II. Reproducing Experiment 4.2: Training Throughput

To inspect the parallel strategies used, execute FASOP.py with the --type argument set to the desired model (bert, gpt2XL, or T5) and the --heterogeneous flag.

Example command for BERT:

$ python FASOP.py --type bert --heterogeneous

Reproducing the Experiment The experiment can be reproduced by adding the --pareto flag. Here is an example using the gpt2XL model:

$ python FASOP.py --heterogeneous --pareto

III. Report

FASOP will generate a summary of the optimal parallel strategy for the chosen model on your heterogeneous GPU cluster. This summary includes estimated training time, cost, and other relevant metrics. The results are saved in a text file located in the ~/FASOP/main_logs directory.

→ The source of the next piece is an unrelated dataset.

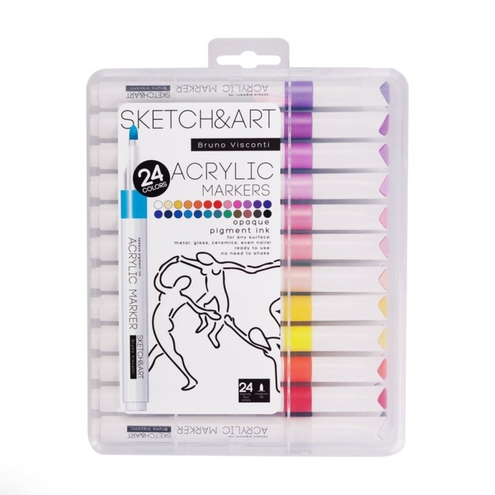 Набор из 24 акриловых маркеров «SKETCH&ART» различных цветов для рисования, декорирования, дизайнерских работ на любых поверхностях: холст, бумага, дерево, пластик, металл, камень, стекло, одежда, керамика.Корпус маркеров изготовлен из полипропилена - легкий и ударопрочный. Плотно защелкивающийся колпачок обеспечивает долгую сохранность чернил от высыхания.Маркер имеет пулевидный наконечник из износостойкого волокна с шириной линии 1-3 мм. Нетоксичные пигментные чернила на водной основе с высокой степенью укрывистости быстро сохнут на поверхности, оставляя яркий след. Краски до высыхания можно смешать или растушевать кистью для достижения плавных переходов.Маркеры упакованы в картонную упаковку с эффектом Soft Touch и узнаваемым дизайном всей линейки «Sketch&Art». Размер: 149 x 180 x 35 мм.
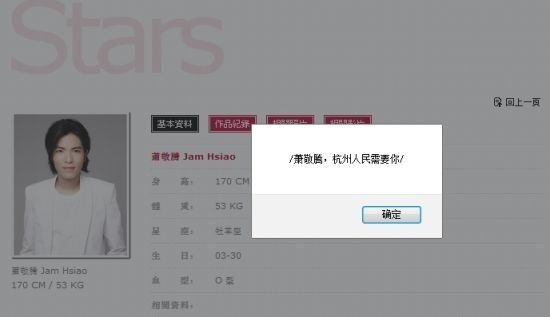 7日下午15点左右,微博上有爆料称萧敬腾的经纪公司喜鹊官网被黑。在萧敬腾经纪人公司的网页上,只有“雨神”萧敬腾的主页被黑,只要点击进入就会弹出“萧敬腾,杭州人民需要你”的窗口,不点“确定”网页无法浏览。15:45分左右萧敬腾个人页面出现了“Forbidden。You don't have permission to access /star_basic.php on this server。”的字样,网页已经无法显示,疑为工作人员内部维修中。而截至记者16点发稿时,网页已经恢复正常。

The directory structure of the output folder is as follows:

output directory location: ~/FASOP/main_logs/

main_logs
|- bert.csv
|- bert_heterogeneous.csv
|- T5.csv
|- T5_heterogeneous.csv
|- gpt2.csv
|- gpt2_heterogeneous.csv
|- gpt2_heterogeneous_pareto.csv

The results file will contain the following fields, separated by ('*'): mbs, tp, dp, pp, node placement, num_a100, num_a10, partition, estimated time (s/step), pipeline time, DP all-reduce time, embedding layer all-reduce time, is_oom, oom_gpumem, is_fsdp_oom, fsdpoom_gpumem, train_cost.

example for the result of FASOP.py --type bert located as ~/FASOP/main_logs/bert.csv. this is sorted by steptime in ascending order.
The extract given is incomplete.